A Lei de Diretrizes e Bases da Educação Nacional de 1996 reconhece a singularidade da educação do campo ao afirmar, em seu artigo 28, que os sistemas de ensino deverão promover, na oferta de educação básica, as adequações necessárias às adaptações diante das peculiaridades da vida rural e de cada região (BRASIL, 2006). Como dissemos anteriormente a legislação educacional brasileira não só reconhece a especificidade da educação do campo, como a importância e premência de intensificar a implementação de suas modalidades de educação.

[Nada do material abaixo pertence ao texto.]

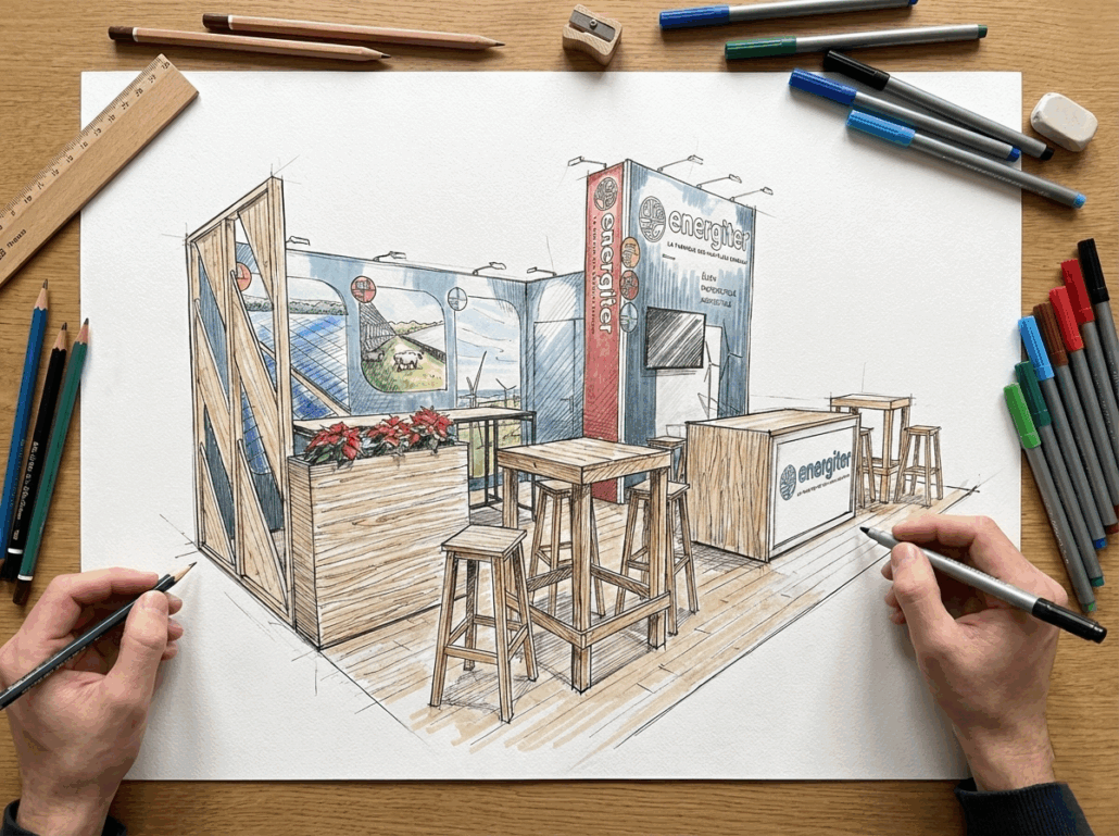 Transversale vous accompagne dès la première phase de votre projet de stand : La conception et la recherche de solutions adaptées à vos besoins.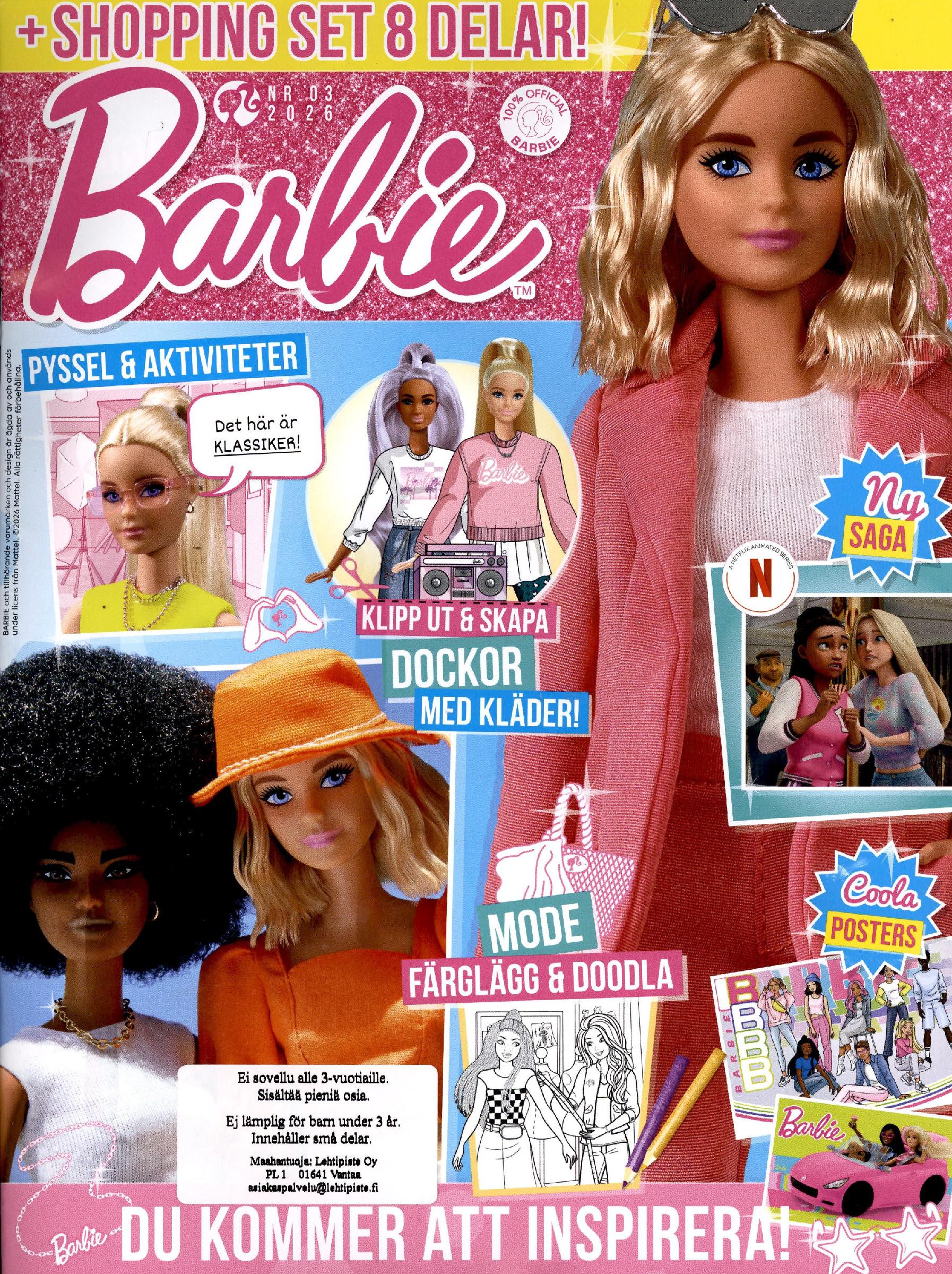 Kaikkien tyttöjen suosikki Barbie seikkailee sarjakuvalehdessä. Tyttöjen muoti, shoppailu ja myös puuhailtavaa tai yllätyslahja. Kerran Barbie, aina Barbie.

Contudo, a consolidação e a expansão das escolas do campo, para atender as demandas pela escolarização básica e superior, sobretudo, carece de respeito às leis nacionais e internacionais de direitos humanos, sociais e civis pelas próprias instituições públicas e sociais, bem como as Leis nacionais em vigência. Uma exemplificação deste descaso com as populações do campo, é a dura realidade do fechamento de escolas rurais, que entre 2003 e 2013 tem o drástico índice de fechamento de mais de 31,4%, em função de um fenômeno que campeia nas secretarias de educação dos municípios de vários estados do Brasil, a tal “nucleação” das escolas12. Os movimentos sociais exercem uma função política e politizadora fundamental na construção de alternativas de propostas não somente no âmbito educacional, mas também de trabalho e de produção agrícola, que sejam contrárias ao que se costuma praticar pelo neoliberalismo no campo, o agronegócio de matriz econômica conservadora e acumuladora; a alternativa dos movimentos sociais de trabalho e organização da produção se dá pela agricultura familiar em bases orgânicas e agroecológicas, que desde 2013, tornou-se política de Estado com a promulgação do Plano Nacional de Agroecologia e Produção Orgânica, que neste ano está sendo avaliada a execução da primeira edição e o lançamento da Edição para 2015/2016.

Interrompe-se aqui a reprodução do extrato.